I’ve used quite a few tricks in here. First, the parameterized decorator offers a way to invoke the test with different parameters where each test should succeed on its own and will be considered as a separate test by pytest. If it fails, the provided input will also be displayed in the test logs so in my experience, using it really speeds up the debugging if needed. The parameterized.expand decorator expects a list of tuples. Each tuple will be unpacked as positional function parameters. We can easily generate many tuples to vary the dimension sizes by using itertools.product which takes the Cartesian product of all of its arguments.

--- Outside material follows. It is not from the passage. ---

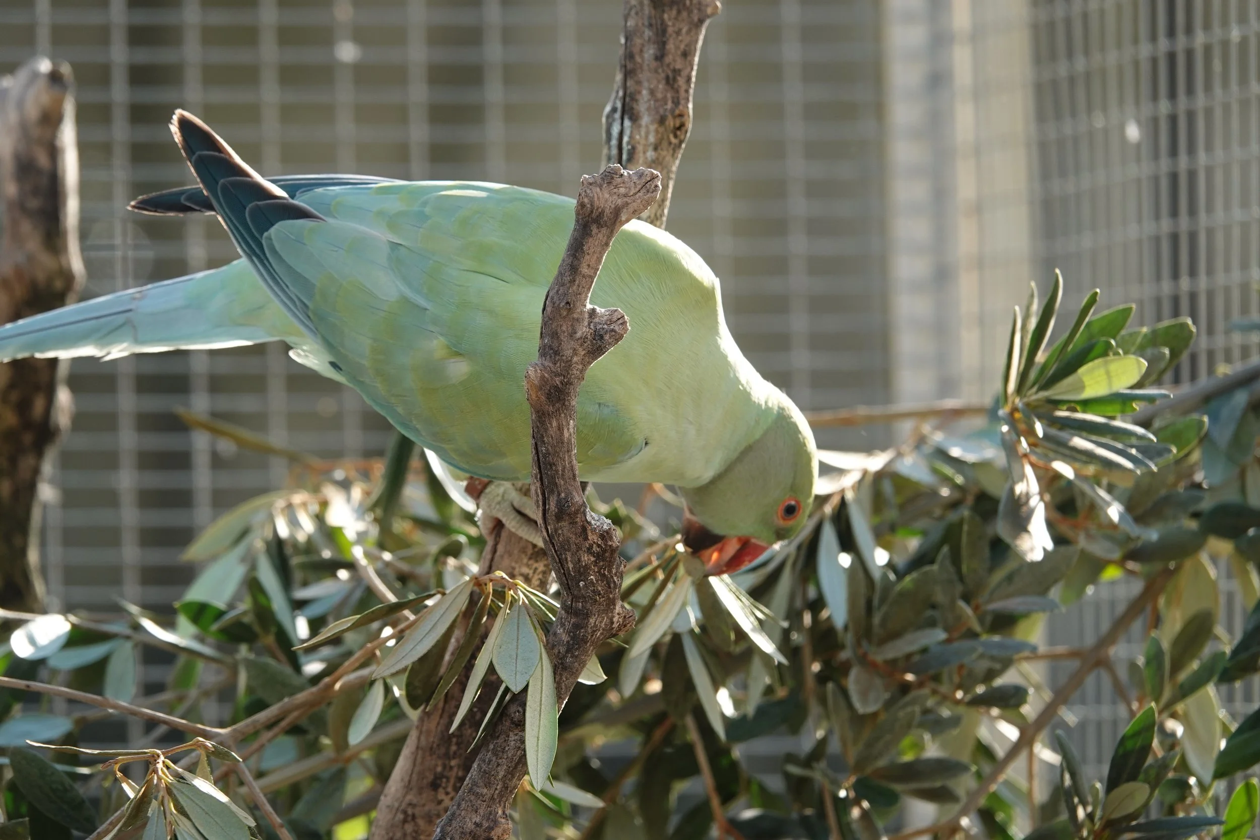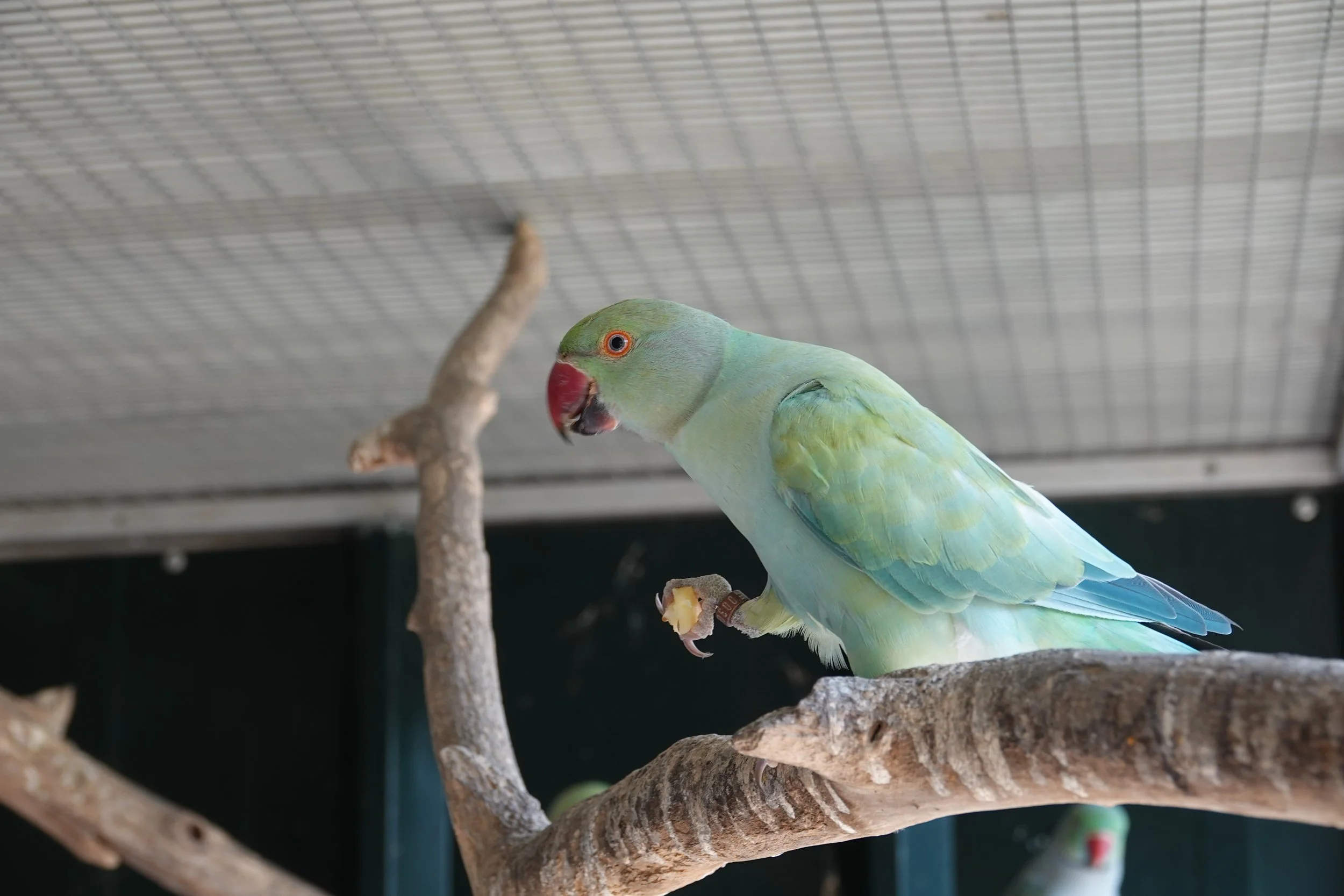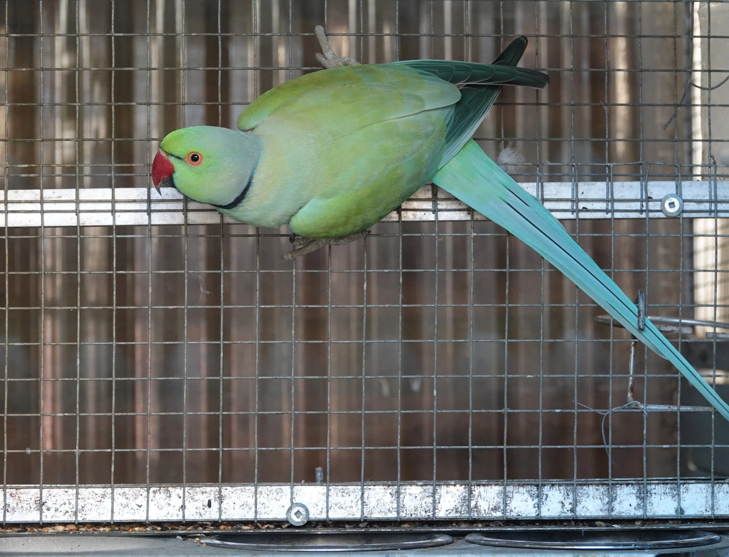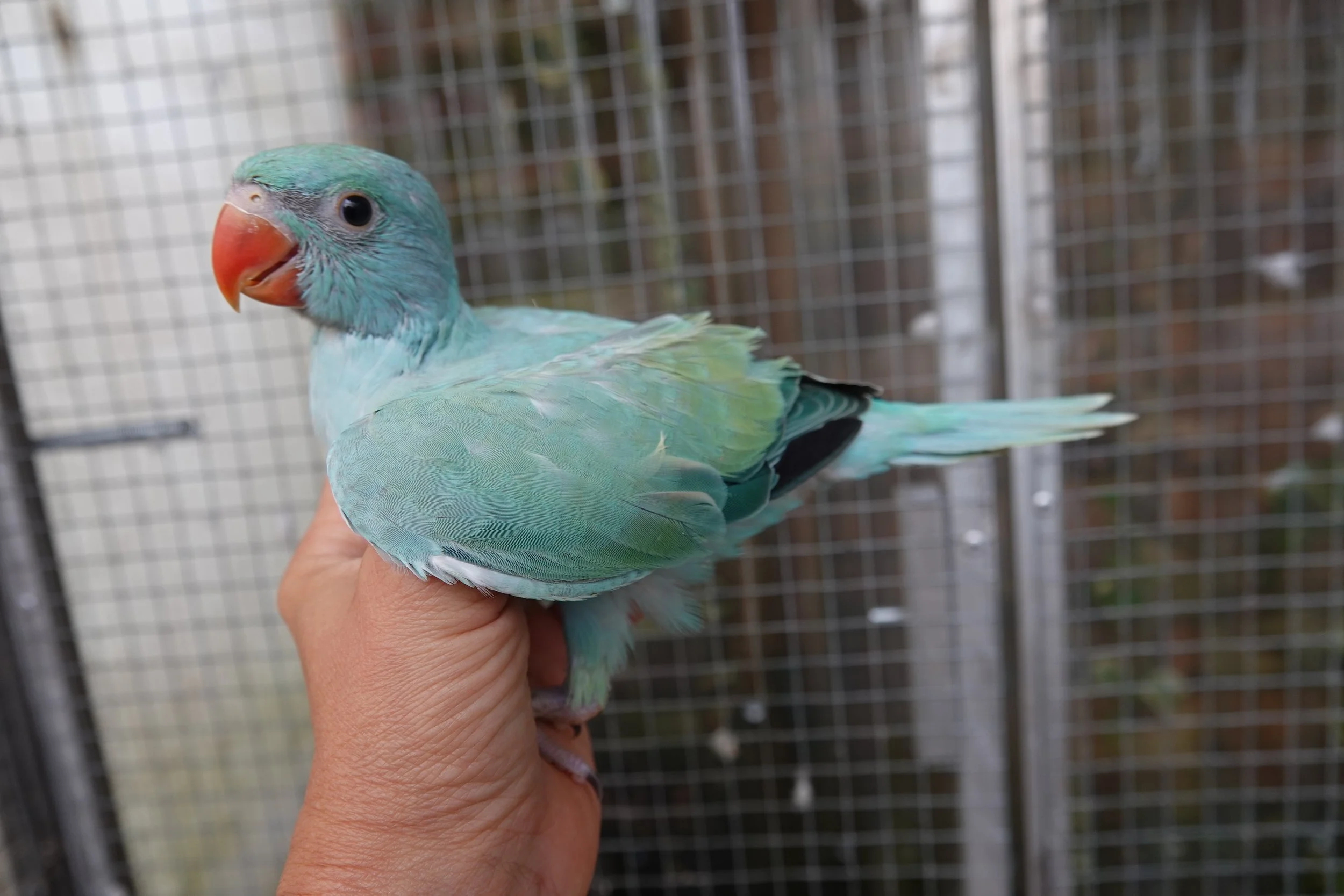 Il aime venir manger à la main dans la volière collective.

The x and weights arrays are initialized randomly. The TensorFlow graph that we build is simple: it only holds two placeholders and the capsule_prediction Op. The returned value should be the same as that of the _numpy_capsule_prediction function. Let’s run the tests:

A nice feature of pytest is that you can add the -k flag to select a specific set of tests. Hooray, all tests passed!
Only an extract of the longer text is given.